Taking a stab in the dark, if we had access to the source code for bar() still (i.e., weren't doing separate compilation), we could say that user-defined coercions in the presence of ref arguments might create a specialization of bar() that accepts the FamVarWrapper and specializes any operations within the routine w.r.t. it — for example, if the routine was:

proc bar(ref i: int) {
  i = 33;
  baz(i);
}

proc baz(ref i: int) { ... }

then maybe we could specialize it to:

proc bar(i: FamVarWrapper(int)) {
  i = 33;  // call the overload of assignment to FamVarWrapper
  baz(i);  // recursively specialize baz() in the same way
}

But I don't see how this could work in the presence of separate compilation where bar()'s definition wasn't available for specialization.

Another idea: We could consider calling bar() on a temporary integer and then store the result back into the FAM wrapper after the fact? LIke:

var tmp: int = MyIntFamArray[i, j];
bar(tmp);
MyIntFamArray[i, j] = tmp;

This seems like it would work in many cases, but not in ones in which the array element might be referred to by other means within bar() (like via an alias, or another direct access to MyIntFamArray, which just be considered another way of aliasing it). This isn't something we could guarantee today, but if we were to proceed with something like https://github.com/Cray/chapel-private/issues/5039 (for those who can't see it: an issue asking about permitting the implementation to assume arguments to a routine can't alias unless the user goes to extra pains to do so), maybe it's a possibility?

I know Michael had some other proposals on https://github.com/chapel-lang/chapel/issues/17999, but IIRC, I think they had similar challenges in terms of not having an obvious (to me, anyway) story about how to handle general references.

Proposal 2 is vague enough as written up here that, like Engin, it's hard for me to know what to say about it. Though it's interesting to me that, thematically, the ideas I'm kicking around here are a lot like creating a user-defined reference, simply one that the compiler need not know a lot about (if we were to introduce some notion of user-defined coercions).

e-kayrakli commented 11 months ago

First, a high-level question for @e-kayrakli: As you're working on GPU support, do you find yourself needing similar capabilities as this where the special memory flavors might require the ability to refer to a value or location that isn't sufficiently local to simply be represented as a ref or wide-ref as we do today? (or: do you anticipate us potentially needing such things in the future given architectural trends?)

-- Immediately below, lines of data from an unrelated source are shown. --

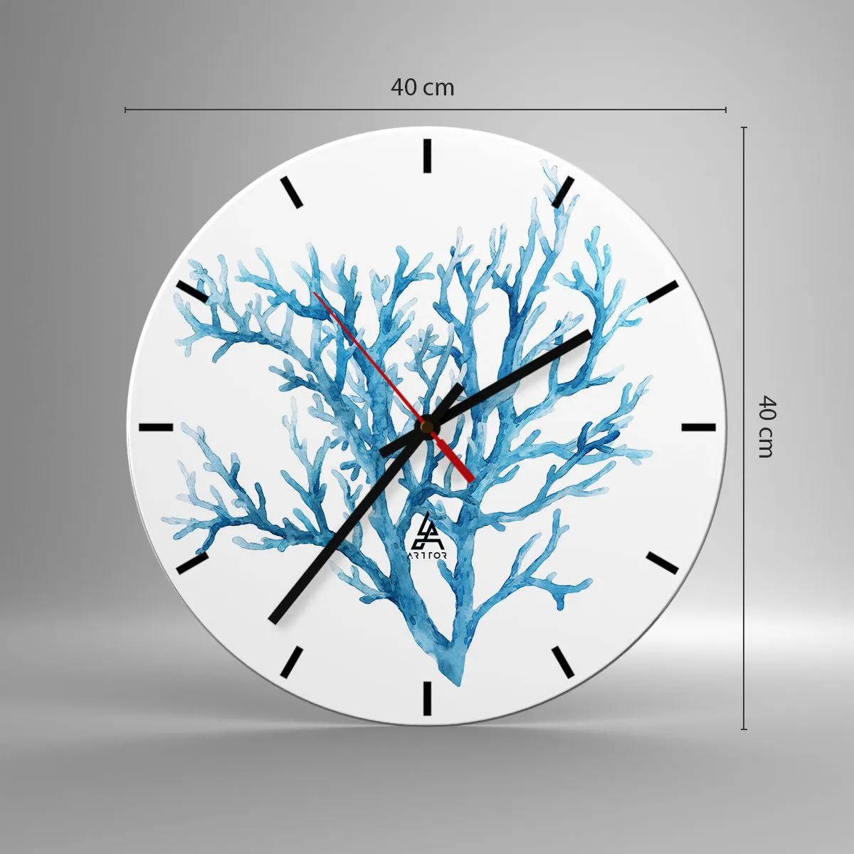 L'horloge est produite avec un verre de sécurité de 4 mm d'épaisseur. La technologie de fabrication de l'horloge est conforme à la classe de sécurité 2B2 selon la norme PN-EN 12600 : 2004, qui garantit la résistance aux chocs. L'horloge en verre est prête à être accrochée - elle a une attache en métal attaché à l'arrière et une entretoise en mousse régulant la distance uniformément de l'horloge par rapport au mur. L'horloge a un mécanisme flottant silencieux alimenté par une pile 1.5V - pile AA (pile non incluse).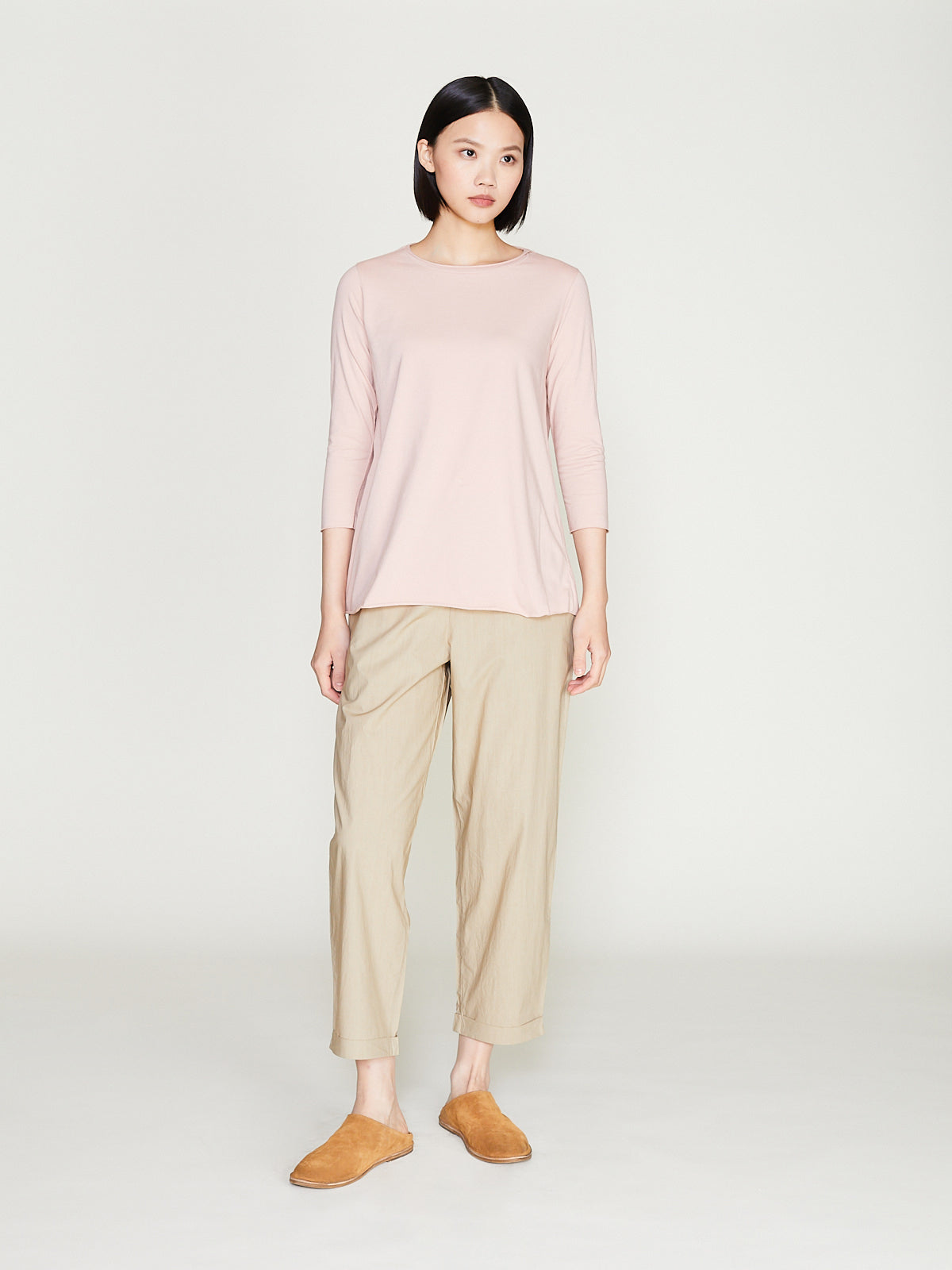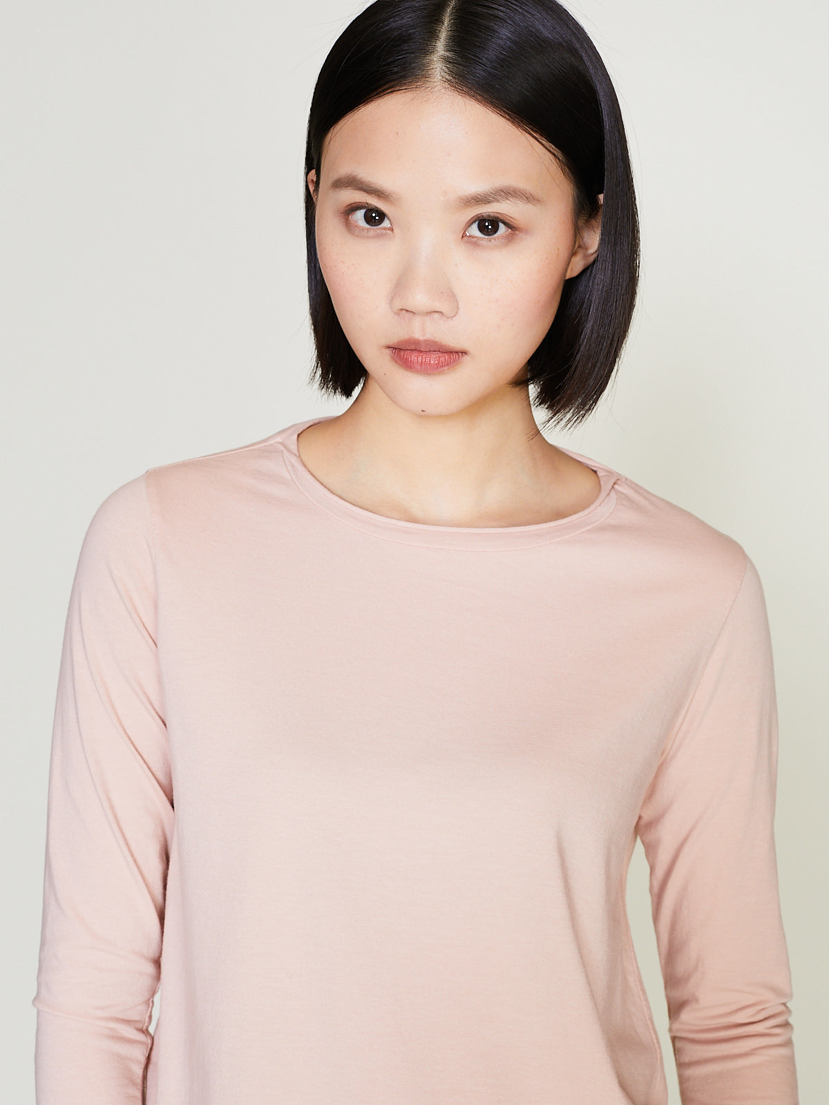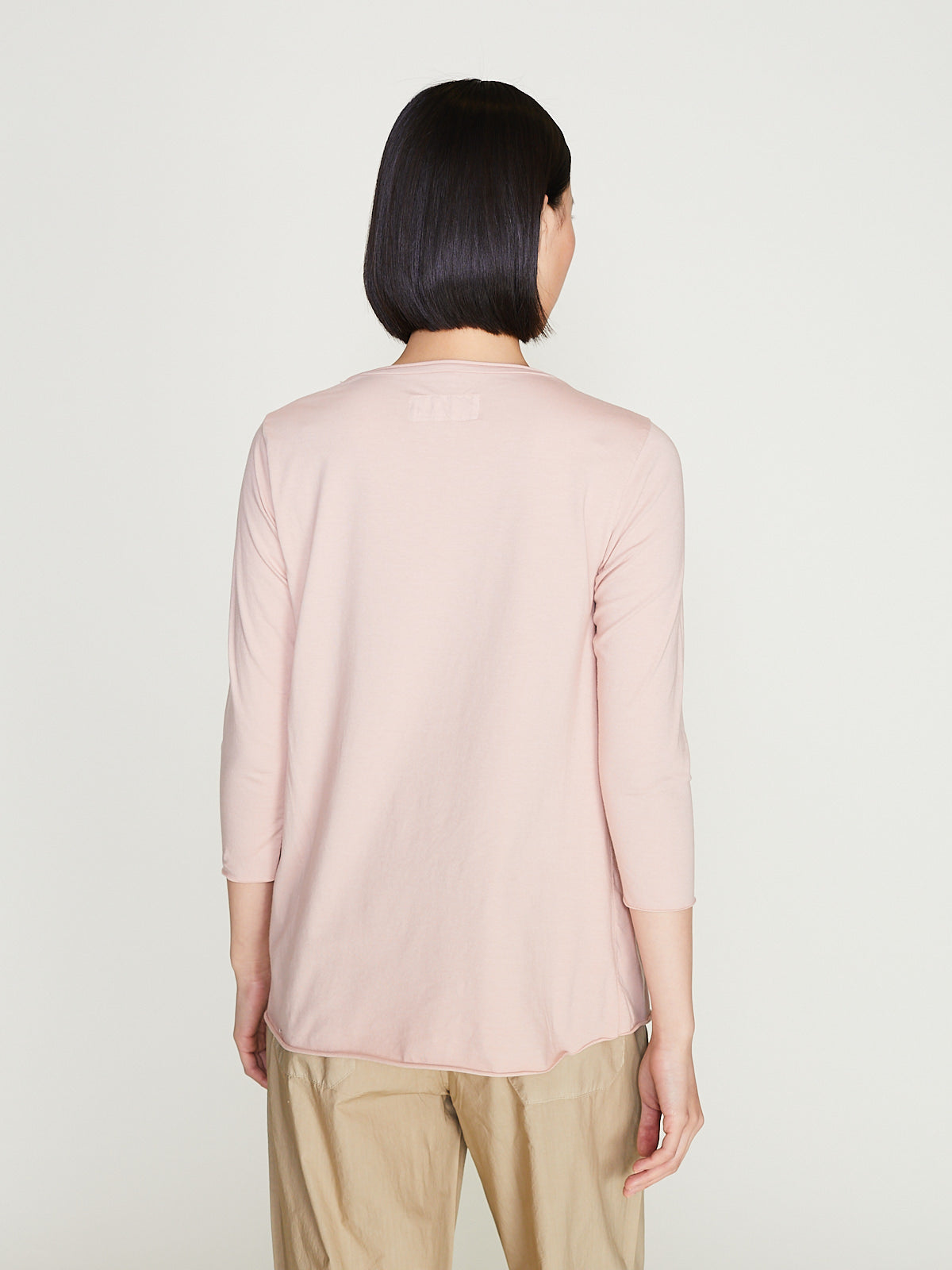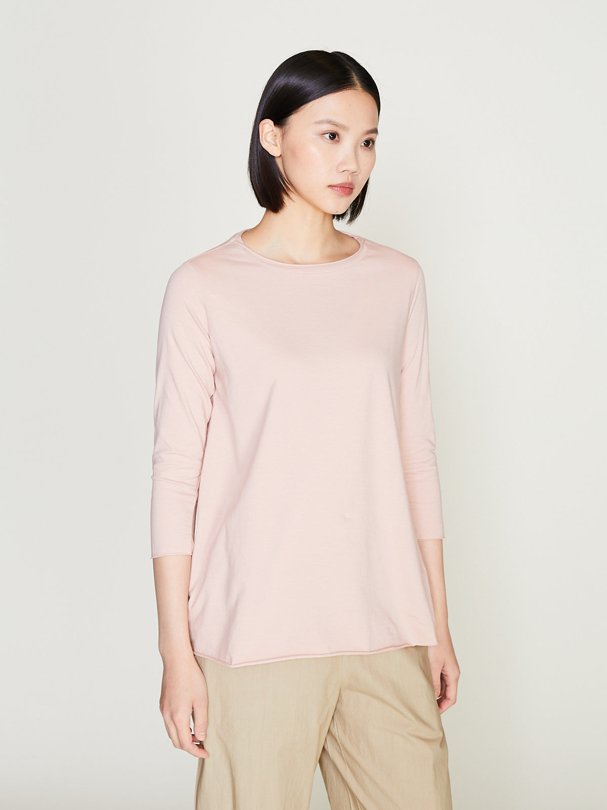 T-shirt in nude pink cotton jersey. Round neckline and 3/4 sleeves. Raw cuffs and bottom hem. Relaxed fit.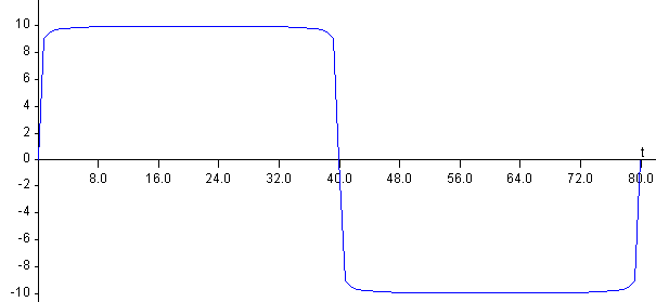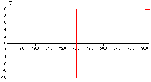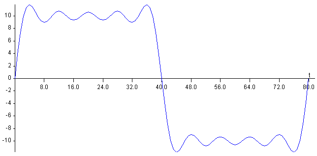 para 0≤t<P/2 Los coeficientes ai y bi de Fourier valen El resultado de la integral es El desarrollo en serie de la función escalón es En la figura, se representa el calentamiento del extremo de la barra x=0, descrito por una función escalón de periodo P=80 s y cuya amplitud es de T0=10º C. En la figura, se muestra la aproximación a la función escalón tomando los cinco primeros términos i=1, 3, 5, 7, y 9 del desarrollo en serie En esta otra figura, la aproximación a la función periódica tomando los 50 primeros términos cuyos índices i son los números impares que van desde i=1 a 99.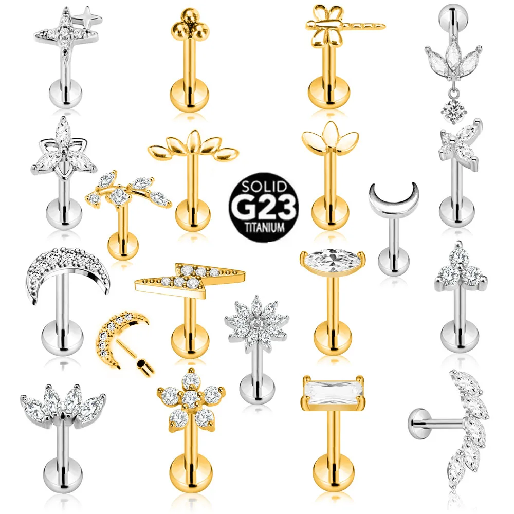 ASTM F136 G23 티타늄 플라워 문 나비 나사없는 피어싱 라이트닝 핀 푸시 인 립 스터드 Daith Conch 귀걸이 16G 18G 20G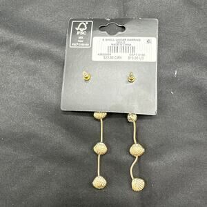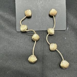 Torrid Linear Earrings Gold Tone Beaded Scalloped Sea Shells Tropical Dangle New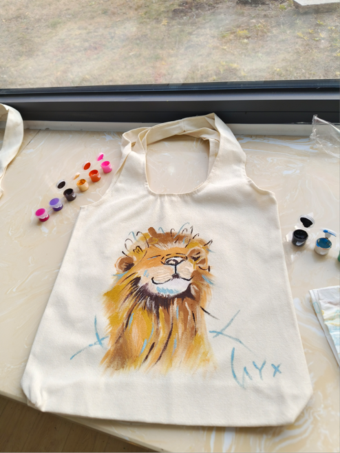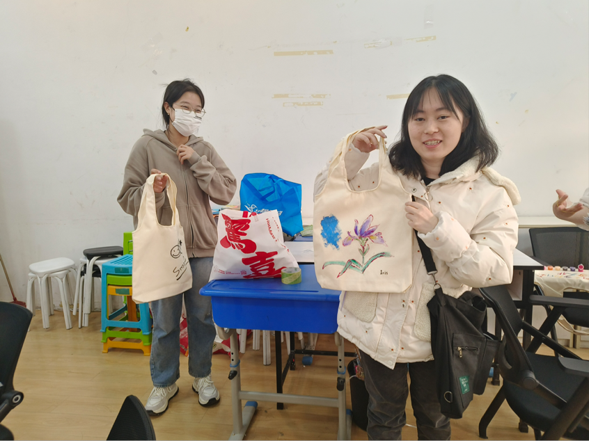 活动在下午2点准时开始,几十名来自不同学院的学生积极参与。在几个学院主办方的帮助下,学生们获得了空白帆布袋、颜料、画笔及马克笔等材料,并在帆布袋上进行了自由创作。他们根据自己的喜好设计独特的图案,使用不同颜色的颜料进行创作,最终制作出属于自己的个性帆布袋。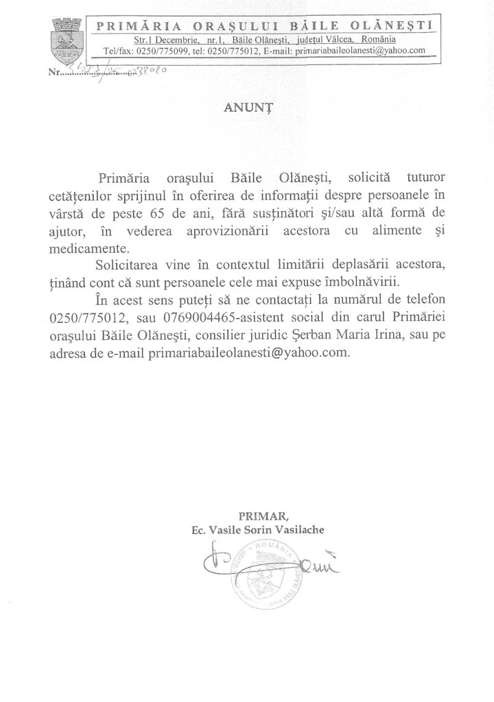Anunț important identificare persoane de peste 65 de ani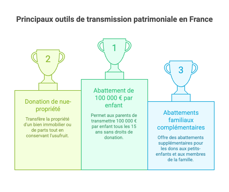 - Une transmission échelonnée (tous les 15 ans) optimise la fiscalité et protège le patrimoine familial sur la durée.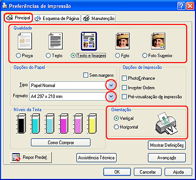 Efectue as definições Papel, Tinta e Modo adequadas. Para obter mais informações sobre as definições de impressão, consulte a ajuda interactiva.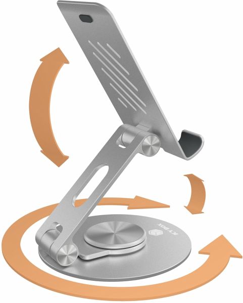 Ein schlanker und robuster Ständer für Smartphones und Tablets bis zu 12,9 Zoll. Der aus Aluminium, Karbonstahl und Silikonkautschuk gefertigte Ständer lässt sich um 360° drehen und gewährt so optimale Betrachtungswinkel. Mit seinem kompakten und dennoch robusten Design kombiniert dieser Ständer Stabilität mit ergonomischem Komfort und ist damit ideal für verschiedene Szenarien. Er hält Ihr Smartphone oder Tablet sicher in einem optimalen Betrachtungswinkel. Er eignet sich für die Verwendung auf Schreibtischen, Arbeitsplatten oder Nachttischen und bietet maximalen Komfort, während er gleichzeitig einen modernen Touch in jede Umgebung bringt.

Kind of. I've sometimes mused about the idea of a semi-wide-ref in the past. We use wide pointers today to differentiate between GPU and CPU-based allocations. However, I am imagining single-locale setups are going to be common with folks who want to use GPU support. In which case our wide pointers today are a bit "too wide". More than that, the heuristics for widening for GPU vs widening for across-the-network data is a bit different:

on here.gpus[0] {
  var Arr: [1..n] int;  // will allocate on device
  Arr[1] = 10; // will execute on host
}

For across-the-network widening, you don't really need to widen Arr. But for GPUs, you want to widen it so that you can do a PUT to the device memory from the host.

Right now, we are widening things a lot with the GPU locale model to be safe. But down the road, we want to tighten things up a bit (I think --gpu-specialization will help a lot when we turn it on by default). As part of that tightening, we'll have to think a bit more about when/what we want to widen. Part of the question could be "how wide?" if we imagine a new type of a wide pointer.

I am uncertain how much of that can be projected into FAM support. As far as I can understand, a FAM-wide pointer could be a typical wide pointer with some sort of sentinel value for locale ID (something negative?), and sublocale ID could represent if having multiple FAM nodes is a thing where there are NUMA effects accessing different parts of the FAM. But in any case, if that's somewhat acceptable, maybe we'll need a user-facing way to create a wide pointer, and runtime support to handle such pointers?